On the other hand, upon reconsideration, I will vacate the minute order and grant Defendant’s motion to strike, insofar as it seeks redaction of material regarding the medical report in question. Specifically, I will order redaction of lines 3 (beginning with the word “However”) through 10 of page 3 of Plaintiff’s Memorandum Re: Entry of Judgment. (Docket #56). Page 3 of Docket #56 was also included as “Exhibit #1” to three of Defendant’s submissions, Docket ## 71, 73 and 82. I will order public access to Exhibit #1 of those documents blocked. My ruling should not be construed as a determination on the merits as to whether Plaintiff violated any federal laws or regulations regarding patient privacy, as Defendant alleges. It is rather based on balancing the potential harm of the information’s disclosure versus the value of its retention in a memorandum which is basically moot at this point.[2] Further, the subject quotation was unsupported by the source document, in that the actual report was not attached as an exhibit to the memorandum. See, LBR 7007-1(b)(1) requiring that factual allegations in briefs be supported. Because I am not deciding the merits of whether patient privacy has been violated, my ruling is without prejudice to Plaintiff introducing the subject report at trial, and without prejudice to Defendant objecting thereto. No other portion of Plaintiff’s Memorandum (Docket #56) will be ordered stricken or redacted.

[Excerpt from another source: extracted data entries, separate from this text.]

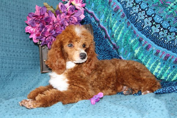 Meet Scarlett Rose, a breathtaking AKC-registered red abstract Miniature Poodle. At 5 pounds now, she is projected to mature between 13–14 pounds—the ideal size for a versatile breeding program. Her conformation is exceptional, with balance and elegance that exemplify world-class quality.
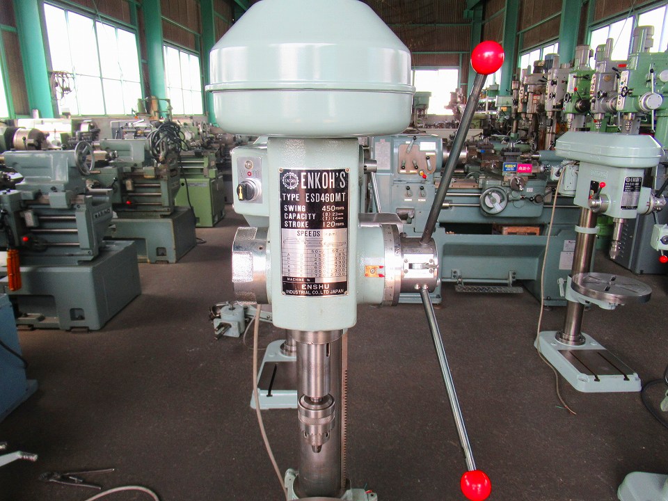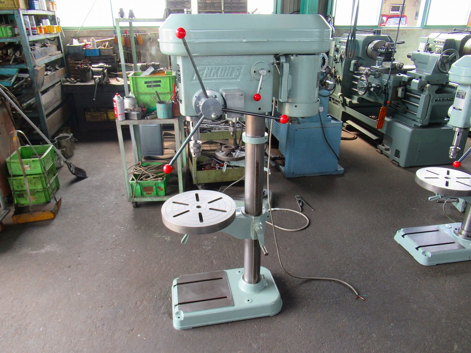 | 主仕様 | 切削能力ドリルφ23, タップM14, 主軸テーパーMT#2, 主軸回転数185~2100rpm(6段), 主軸ストローク120, 主軸~テーブル距離425, 振り450, モーター0.75kw 6P, |
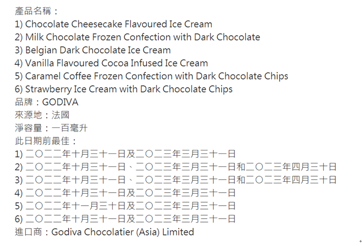 记者查阅公报显示,此次涉及的6款产品均为歌帝梵品牌,来源地为法国,净容量均是100毫升,最佳食用日期在2022年10月-2023年3月左右,进口商显示为Godiva Chocolatier (Asia) Limited。
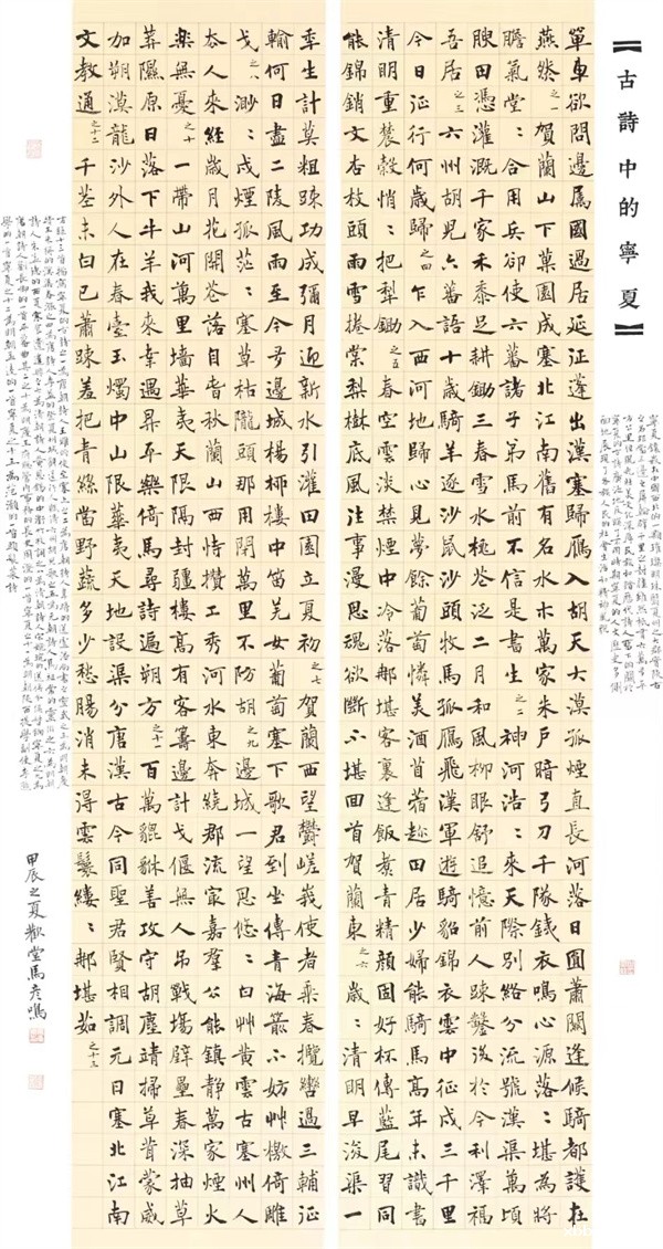 马彦鸣《关于宁夏的古诗数首》楷书180cmx96cm
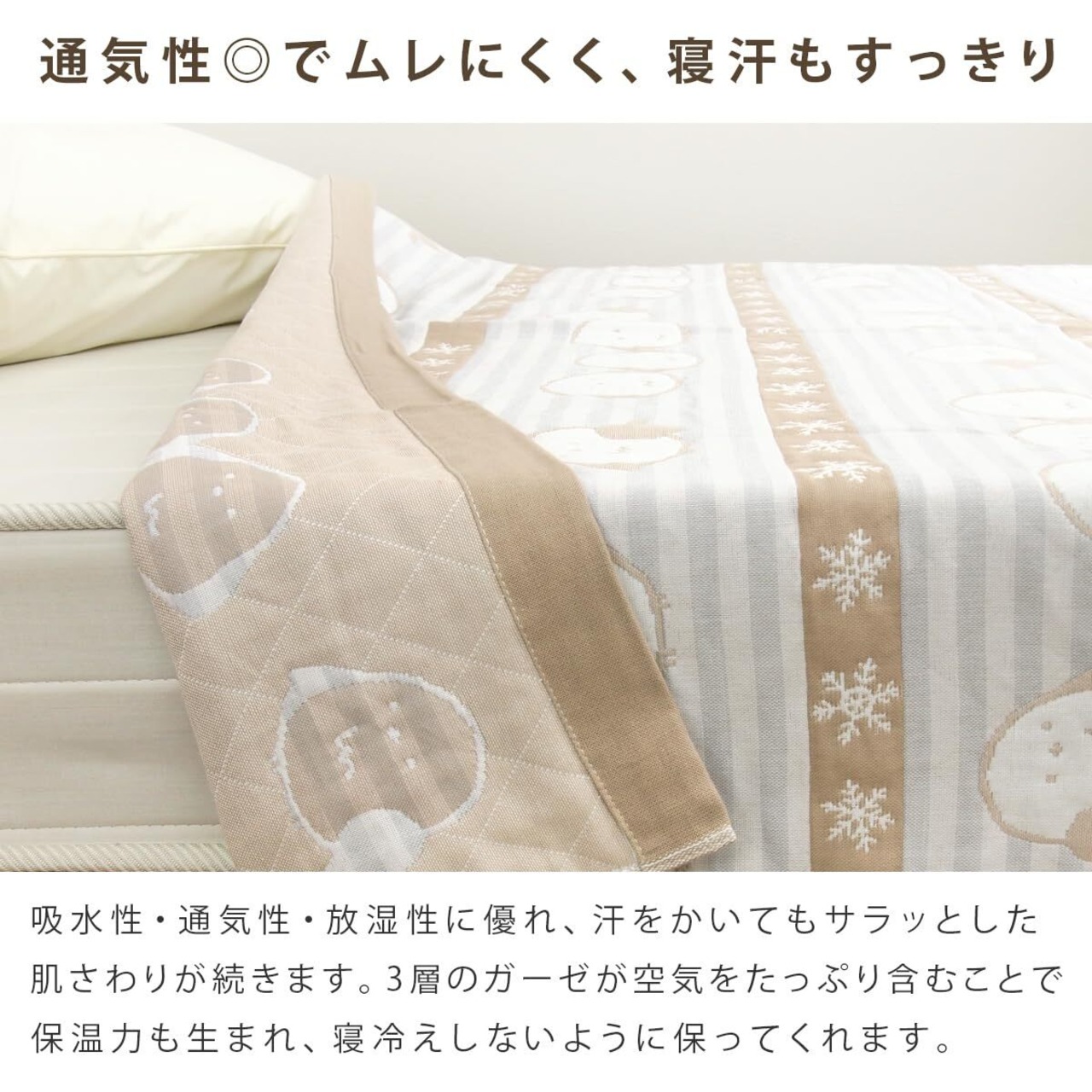 軽いので重苦しいさを感じずに、夏場のエアコンからの冷え予防にもなります。需要が高まっている電気毛布との相性が良いのもポイント。静電気が起きにくく、ガーゼの吸放湿性が熱くなりすぎてしまうのを抑えてくれます。夏だけでなく、オールシーズンお使いいただけます。
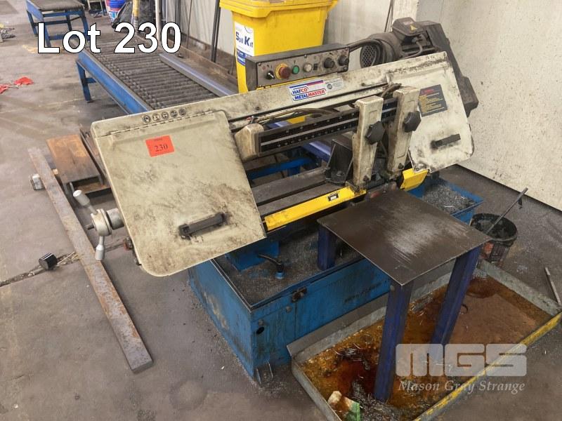 HORIZONTAL BANDSAW, HAFCO METALMASTER 450mm, 45 DEG SWIVEL HEAD SEMI AUTO WITH IN/OUT FEED ROLLER
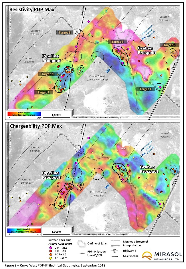3D models of ground magnetics and IP electrical geophysics were generated from a combination of existing Mirasol data and new surveys completed this season under the OGC JV (Figure 3 and Figure 4). The models show features that support the horst and graben geological setting for Curva West and the SouthWest prospects, and have been integrated with other datasets to select and prioritize drill targets for this season’s program.
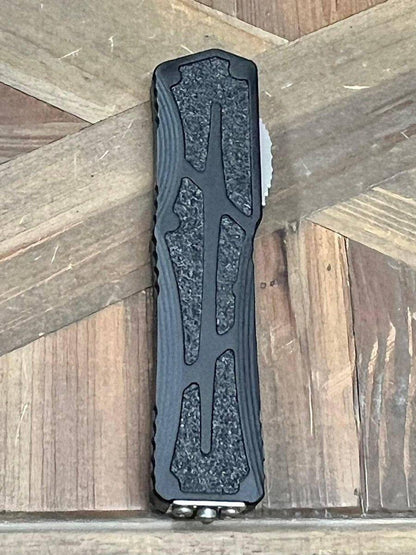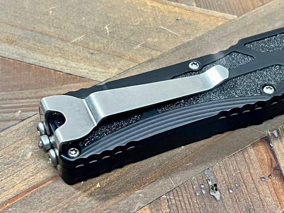 Check out the ultra popular Colossus double action OTF Auto knife from Heretic with its black handles and intricate appearance, overbuilt toughness, faster than lightning action, and fit and finish you’d expect from a high-end knife. The blade is made from the ultra premium CPM-MagnaCut stainless steel with a single edge clip point shape that is just superb. The hefty aluminum body is exceptionally ergonomic and features a myriad of black traction inlays on each side. The reversible pocket clip is the most subtle thing about this knife. It holds the knife securely in the pocket while subtracting little from the ergonomics, which we love. The blade comes with a bottle of OTF Knife Lube and proudly made in the USA!
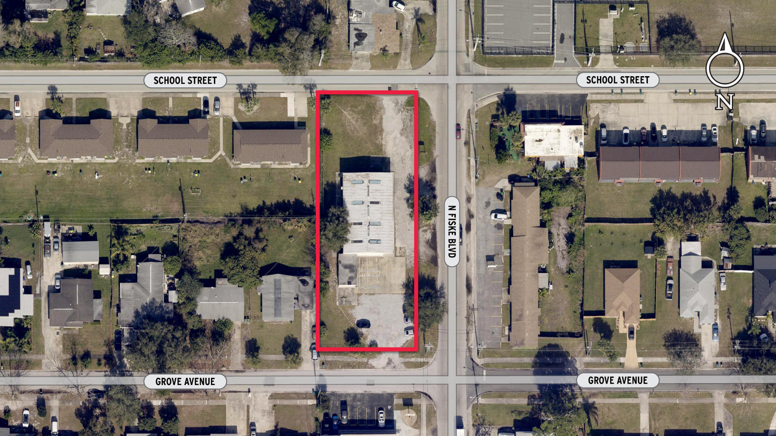 This triple frontage property is located in Florida's Space Coast region, offering multiple access points. It is situated approximately 1/4 mile north of SR-520 / King Street and less than a mile west of US-1, providing a convenient location. The property is less than a 10-minute drive from I-95 and the Beachline Expressway (SR 528) / A1A intersection, facilitating easy access throughout the area. The surrounding area includes residential and wholesale commercial properties. The property features a ±4,416 SF warehouse with office space, recently renovated in early 2024. The total area is 0.59 AC, featuring triple frontage and convenient access on N Fiske Blvd, School St, and Grove Ave. The warehouse has a 14’ clear height and includes 4 grade-level roll-up doors. There are 2 bathrooms, including 1 ADA bathroom. The office space can accommodate 2-3 desks, or 2 desks and a break area, and includes a utility closet. The office space is air-conditioned. Renovations include new and upgraded electric and lighting, new plumbing, a new roof, new grade-level roll-up doors (12’ x 12’), new flooring in the office space, new interior and exterior paint, and a freshly paved and re-striped parking lot. A new sidewalk connecting the warehouse rear to the office bathroom is under construction, reducing foot traffic through the main office area.
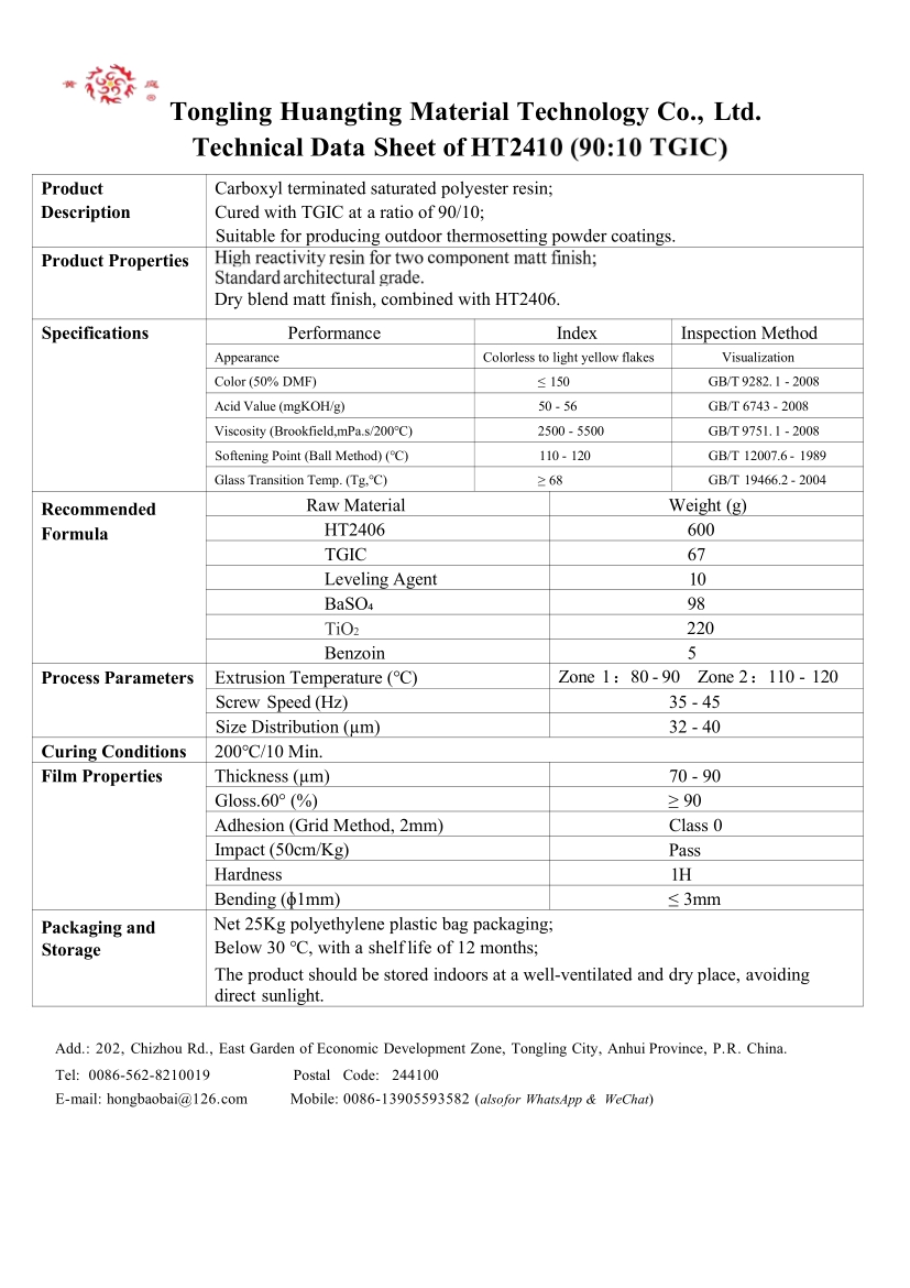 TGIC curing,low reactivity component for dry blend Matte finish,economical,combined with HT2412. |

The above constitute my findings of fact and conclusions of law under FRBP 7052. An order consistent therewith will be entered.

[1] This deadline was established in the scheduling order entered August 1, 2007 (Docket #15) and order extending deadlines entered on November 28, 2007. (Docket #21).
[2] Plaintiff’s Memorandum argued in favor of entry of judgment against Defendant based on Defendant’s withdrawal of her answer. I subsequently allowed Defendant to withdraw that withdrawal and proceed to trial, which has now been set.